Interface/valuetype flag values
sub ABSTRACT      { 1 }
sub LOCAL         { 2 }
sub TRUNCATABLE   { 2 }
sub CUSTOM        { 3 }
Valuetype member flags
sub PRIVATE       { 1 }
sub PUBLIC        { 2 }

SUBROUTINES

Parse_File

Parses the file name given as argument. Returns reference to array of nodes representing the top level (global) declarations in the file. Returns 0 if the file had syntax errors. Parse_File writes the error messages to STDERR.

Dump_Symbols

Symbol tree dumper (for debugging etc.) reconstructs the IDL source notation from the parsed symbol tree. Parameters:

  1. Reference to a symbol array (return value from a previous call to Parse_File).

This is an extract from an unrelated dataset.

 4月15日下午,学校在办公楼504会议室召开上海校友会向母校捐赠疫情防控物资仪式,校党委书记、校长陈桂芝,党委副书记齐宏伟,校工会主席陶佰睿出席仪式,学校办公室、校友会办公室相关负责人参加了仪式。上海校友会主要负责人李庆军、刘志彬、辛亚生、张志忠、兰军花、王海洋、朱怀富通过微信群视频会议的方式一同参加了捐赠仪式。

  2. Optional parameter controlling the output:

    • If given as string then it is the name of a file into which to dump the IDL source.

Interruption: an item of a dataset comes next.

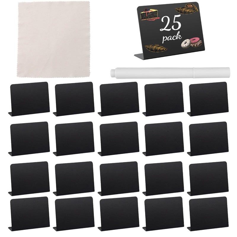 All-in-One Kit: Includes 20 mini chalkboard signs, one marker, and one cleaning cloth
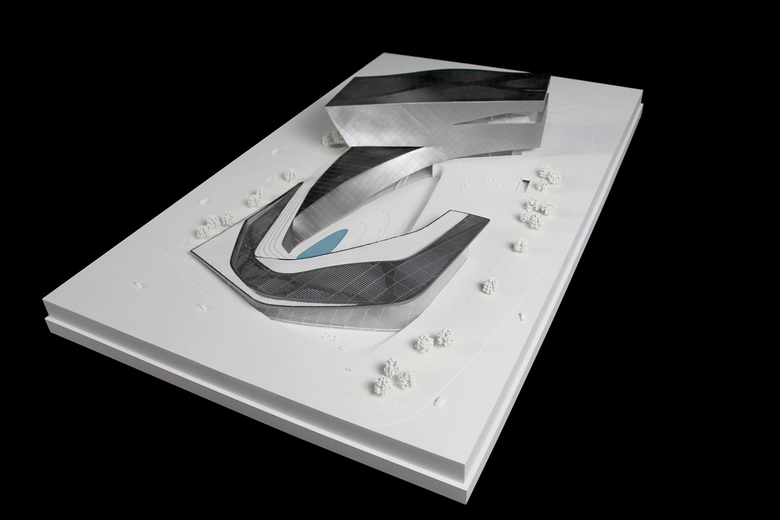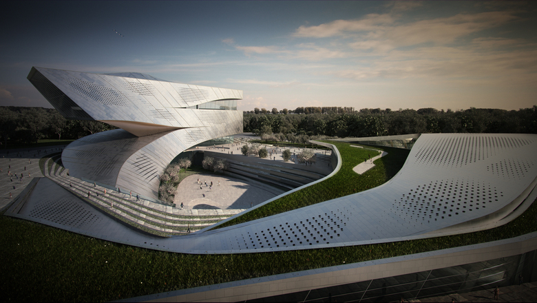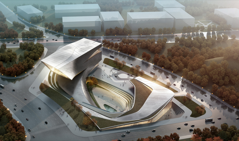 图书馆设计旨在创造打破陈规的创新建筑空间,吸引大连市民来到这一独特的建筑风景线。设计灵感来自中国古代长袍轻盈的流线以及盘根错节树根的稳定性和力度的结合。动态的建筑元素破土而出、与大地编织为一体,形成一系列庭院和地形起伏,生根于大地、向天空伸展,像一棵枝繁叶茂的大树,拔地而起为一个大胆的城市标志。通过体量的转换,营造出私密的庭院空间和动态延展的主楼视线。主楼空间内设置的一系列室内空间节点和梯田空间以加强了空间的层次感和连贯性。包含咖啡馆的一系列零售功能区域,将吸引更多的读者。在中心下客区域的多媒体中心具有独立的区域功能。

    • If given as array reference then the IDL source will be placed in the referenced array, one line per element, where each line is not newline terminated.

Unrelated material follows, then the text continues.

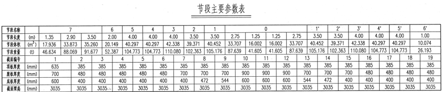 (从上至下依次为立面图、平面图、节段主要参数表及基准截面)

    • If the optional parameter is not given or is given as undef then the IDL source will be dumped to STDOUT.

is_elementary_type

Given a node reference, returns the type constant if the node prepresents an elementary type. Returns 0 if the type is not elementary.

predef_type

Given a type name (as string), returns the type constant if the type name is that of an elementary type. Returns 0 if the type is not elementary.

isnode

Given a "thing", returns 1 if it is a reference to a node, 0 otherwise.

is_scope

Given a "thing", returns 1 if it's a ref to a MODULE, INTERFACE, or INCFILE node.

find_node

Looks up a name in the symbol tree(s) constructed so far. Returns the node ref if found, else 0.

typeof

Given a type descriptor, returns the type as a string in IDL syntax.

set_verbose

Call this to make the parser tell us what it's doing.

is_a

Determine if typeid is of given type, recursing through TYPEDEFs.

root_type

Get the original type of a TYPEDEF, i.e. recurse through all non array TYPEDEFs until the original type is reached.

is_pragma

Return 1 if the given type constant or node is a pragma.

files_included

Returns an array with the names of files #included.

get_scalar_default

Get default value for type. Uses comment directives object if available.

idlsplit

Splits a given IDL expression into its individual tokens. Returns the tokens as a list. Example: The call

idlsplit("(m_a::myconst+1.0) / scale")

returns the list

"(", "m_a::myconst", "+", "1.0", ")", "/", "scale"

is_valid_identifier

Returns 1 if the argument is a valid IDL identifier.

scoped_name

Expects a symbol node as the input argument and returns its fully qualified name in IDL syntax.

collect_includes

Utility for collecting #included files. Parameters:

  1. Reference to node list to analyze.

  2. Reference to hash in which to add the includefile names encountered. The includefile names are added as key fields of the hash. The value fields are not used.

get_numeric

Computes numeric value of expression.

enum_literals

The SUBORDINATES of ENUM contains more than just the actual enum literal values (the additional data are: annotations, trailing comments). This is a convenience subroutine which returns the net literals of the given $enumnode[SUBORDINATES].

AUTHOR

Oliver M. Kellogg, <okellogg at users.sourceforge.net>

BUGS

Please report any bugs or feature requests to bug-corba-idltree at rt.cpan.org, or through the web interface at http://rt.cpan.org/NoAuth/ReportBug.html?Queue=CORBA-IDLtree. I will be notified, and then you'll automatically be notified of progress on your bug as I make changes.

SUPPORT

You can find documentation for this module with the perldoc command.

perldoc CORBA::IDLtree

You can also look for information at:

ACKNOWLEDGEMENTS

Thanks to Heiko Schroeder for contributing.

LICENSE AND COPYRIGHT

Copyright (C) 1998-2020, Oliver M. Kellogg

This program is free software; you can redistribute it and/or modify it under the same terms as Perl itself.